Source records →

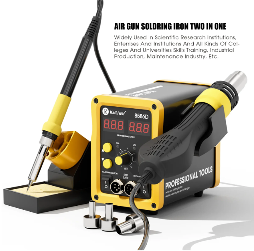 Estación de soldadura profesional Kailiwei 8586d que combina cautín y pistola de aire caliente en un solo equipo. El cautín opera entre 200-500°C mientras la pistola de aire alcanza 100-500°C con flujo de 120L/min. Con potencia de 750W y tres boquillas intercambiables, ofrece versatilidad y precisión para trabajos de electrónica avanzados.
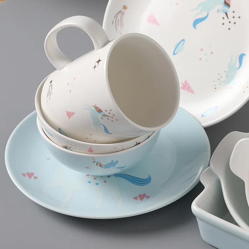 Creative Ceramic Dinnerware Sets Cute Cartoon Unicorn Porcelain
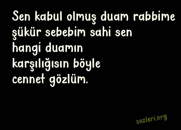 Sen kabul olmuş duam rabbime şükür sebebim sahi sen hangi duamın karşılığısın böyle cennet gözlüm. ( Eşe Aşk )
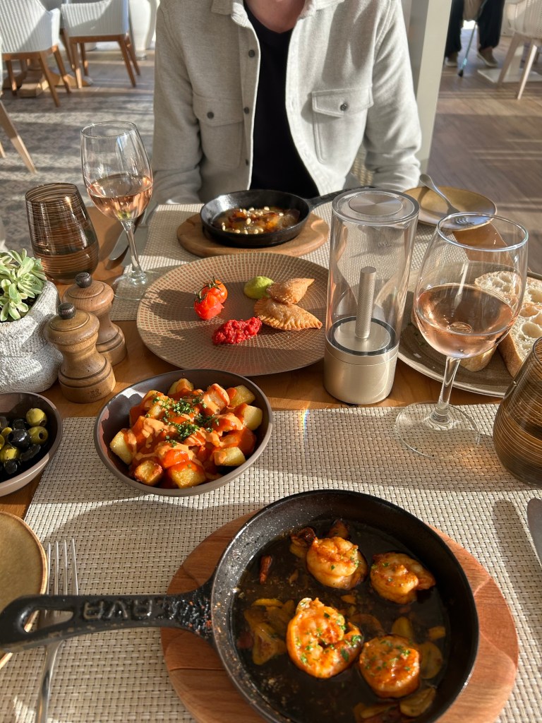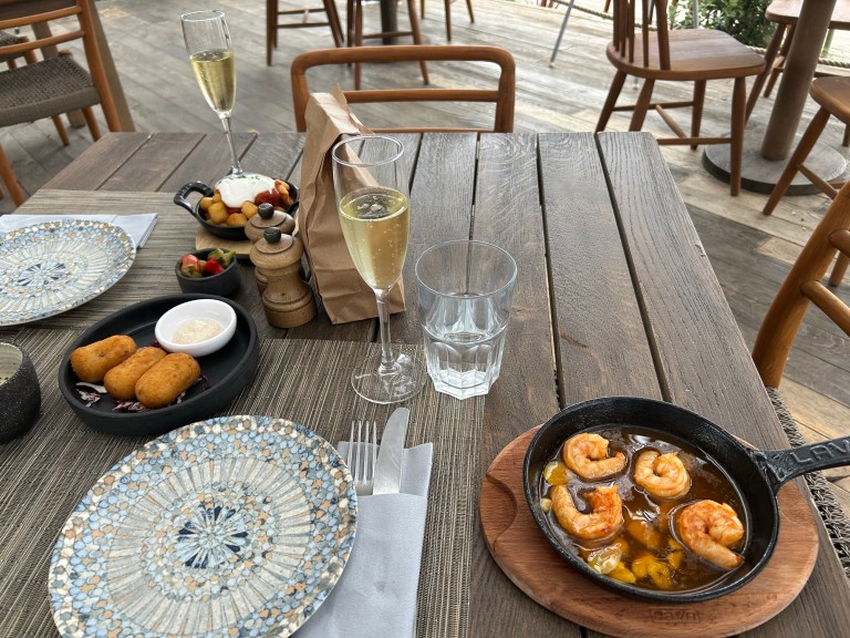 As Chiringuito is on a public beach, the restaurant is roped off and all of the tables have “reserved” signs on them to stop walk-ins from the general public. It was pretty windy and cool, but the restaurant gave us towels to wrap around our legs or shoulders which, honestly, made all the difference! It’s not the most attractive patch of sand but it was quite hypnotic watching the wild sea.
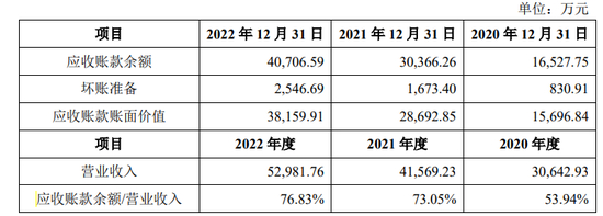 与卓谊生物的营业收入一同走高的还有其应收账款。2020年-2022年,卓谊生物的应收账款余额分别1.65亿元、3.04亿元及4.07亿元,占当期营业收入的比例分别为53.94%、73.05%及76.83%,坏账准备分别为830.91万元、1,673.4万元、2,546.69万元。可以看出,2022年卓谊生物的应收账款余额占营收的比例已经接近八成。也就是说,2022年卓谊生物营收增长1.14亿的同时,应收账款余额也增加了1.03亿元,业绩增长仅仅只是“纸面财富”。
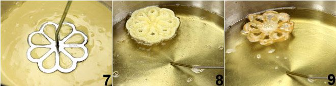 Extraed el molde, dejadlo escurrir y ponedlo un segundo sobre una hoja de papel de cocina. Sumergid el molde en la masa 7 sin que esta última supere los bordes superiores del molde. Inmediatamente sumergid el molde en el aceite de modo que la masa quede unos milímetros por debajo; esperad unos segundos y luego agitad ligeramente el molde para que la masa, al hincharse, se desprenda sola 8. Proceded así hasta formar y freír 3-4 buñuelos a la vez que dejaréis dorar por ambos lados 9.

Exercise brief →
With the pictures left out, output all the entries exactly.

Result of the task →
 Estación de soldadura profesional Kailiwei 8586d que combina cautín y pistola de aire caliente en un solo equipo. El cautín opera entre 200-500°C mientras la pistola de aire alcanza 100-500°C con flujo de 120L/min. Con potencia de 750W y tres boquillas intercambiables, ofrece versatilidad y precisión para trabajos de electrónica avanzados.
 Creative Ceramic Dinnerware Sets Cute Cartoon Unicorn Porcelain
 Sen kabul olmuş duam rabbime şükür sebebim sahi sen hangi duamın karşılığısın böyle cennet gözlüm. ( Eşe Aşk )
 As Chiringuito is on a public beach, the restaurant is roped off and all of the tables have “reserved” signs on them to stop walk-ins from the general public. It was pretty windy and cool, but the restaurant gave us towels to wrap around our legs or shoulders which, honestly, made all the difference! It’s not the most attractive patch of sand but it was quite hypnotic watching the wild sea.
 与卓谊生物的营业收入一同走高的还有其应收账款。2020年-2022年,卓谊生物的应收账款余额分别1.65亿元、3.04亿元及4.07亿元,占当期营业收入的比例分别为53.94%、73.05%及76.83%,坏账准备分别为830.91万元、1,673.4万元、2,546.69万元。可以看出,2022年卓谊生物的应收账款余额占营收的比例已经接近八成。也就是说,2022年卓谊生物营收增长1.14亿的同时,应收账款余额也增加了1.03亿元,业绩增长仅仅只是“纸面财富”。
 Extraed el molde, dejadlo escurrir y ponedlo un segundo sobre una hoja de papel de cocina. Sumergid el molde en la masa 7 sin que esta última supere los bordes superiores del molde. Inmediatamente sumergid el molde en el aceite de modo que la masa quede unos milímetros por debajo; esperad unos segundos y luego agitad ligeramente el molde para que la masa, al hincharse, se desprenda sola 8. Proceded así hasta formar y freír 3-4 buñuelos a la vez que dejaréis dorar por ambos lados 9.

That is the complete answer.